现在，让我们定义我们的自定义 Python 函数 (pyfunc)。pyfunc 允许你定义如何加载模型、如何处理推理请求以及如何与数据交互。在本例中，我们将创建一个扩展 mlflow.pyfunc.PythonModel 的 MPT 类。

3.1 加载模型

首先，让我们定义当 MLflow 调用我们的 pyfunc 时应如何加载模型和 tokenizer。

import mlflow
import torch
import transformers

class MPT(mlflow.pyfunc.PythonModel):
    def load_context(self, context):
        """
        This method initializes the tokenizer and language model
        using the specified model snapshot directory.
        """
        # Initialize tokenizer and language model
        self.tokenizer = transformers.AutoTokenizer.from_pretrained(
            context.artifacts["snapshot"], padding_side="left"
        )

        config = transformers.AutoConfig.from_pretrained(
            context.artifacts["snapshot"], trust_remote_code=True
        )

        self.model = transformers.AutoModelForCausalLM.from_pretrained(
            context.artifacts["snapshot"],
            config=config,
            torch_dtype=torch.bfloat16,
            trust_remote_code=True,
        )

        # Set the device to CPU (or GPU if available)
        self.model.to(device="cpu")
        self.model.eval()

让我们以简单而详细的方式逐行分解代码。

class MPT(mlflow.pyfunc.PythonModel):

在这里，我们定义了一个名为 MPT（代表 Mosaic Pre-trained Transformer）的新类。编程中的类就像创建对象的蓝图或模板，在这种情况下，我们的对象将是使用 transformers 的机器学习模型。 mlflow.pyfunc.PythonModel 意味着这个类将从允许我们定义自定义模型的特殊 MLflow 模板扩展。

def load_context(self, context):

此行定义了一个名为 load_context 的函数（也称为方法）。简单来说，函数是程序执行某些操作时遵循的一组指令。在这里，函数将设置模型，为使用做好准备。 context是一个传递给函数的重要信息，告诉它需要加载什么（例如文件或其他数据）。

self.tokenizer = transformers.AutoTokenizer.from_pretrained(
context.artifacts["snapshot"], padding_side="left")

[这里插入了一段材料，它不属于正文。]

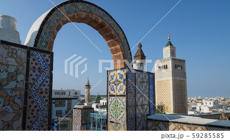 チュニジア・チュニスの旧市街の町並みとザイトゥーナモスク / Tunis, Tunisia

此行从模型的保存版本（称为“快照”，即 snapshot）加载分词器。分词器负责将文本（如句子）分解为模型可以理解的较小部分。可以将其视为将人类可读的文本转换为模型可以理解的语言的翻译器。 padding_side="left" 仅表示文本应如何格式化或“填充”（在文本的左侧）。

config = transformers.AutoConfig.from_pretrained(
context.artifacts["snapshot"], trust_remote_code=True)

在这里，我们加载模型的配置。配置包含控制模型工作方式的设置，例如其大小或应执行的任务类型。这就像在使用模型之前检查其说明或用户手册一样。 trust_remote_code=True 表示我们信任模型的配置，即使它来自外部来源。

self.model = transformers.AutoModelForCausalLM.from_pretrained(
context.artifacts["snapshot"], config=config,
torch_dtype=torch.bfloat16, trust_remote_code=True)

此行加载实际模型。模型是执行任务的“大脑”，例如回答问题或生成文本。 from_pretrained 函数告诉它使用“快照”中保存的版本。 torch_dtype=torch.bfloat16 部分设置了有关如何在特定类型的硬件上有效使用模型计算的技术细节。最后， trust_remote_code=True 再次意味着我们信任此模型的代码和配置的外部来源。

self.model.eval()

此行将模型切换到评估模式。在训练模型时，它会从数据中学习并自我调整，但当它准备好用于实际预测（推理）时，我们会告诉它停止自我调整。此行确保模型处于“测试”模式，随时准备为我们提供答案或预测。

3.2 预测逻辑

接下来，让我们定义预测方法，该方法处理预测过程。该方法从用户那里获取输入，构建提示，然后将其传递给模型以生成响应。

    def _build_prompt(self, instruction):
        """
        This method generates the prompt for the model.
        """
        INSTRUCTION_KEY = "### Instruction:"
        RESPONSE_KEY = "### Response:"
        INTRO_BLURB = (
            "Below is an instruction that describes a task. "
            "Write a response that appropriately completes the request."
        )

        return f"""{INTRO_BLURB}
        {INSTRUCTION_KEY}
        {instruction}
        {RESPONSE_KEY}
        """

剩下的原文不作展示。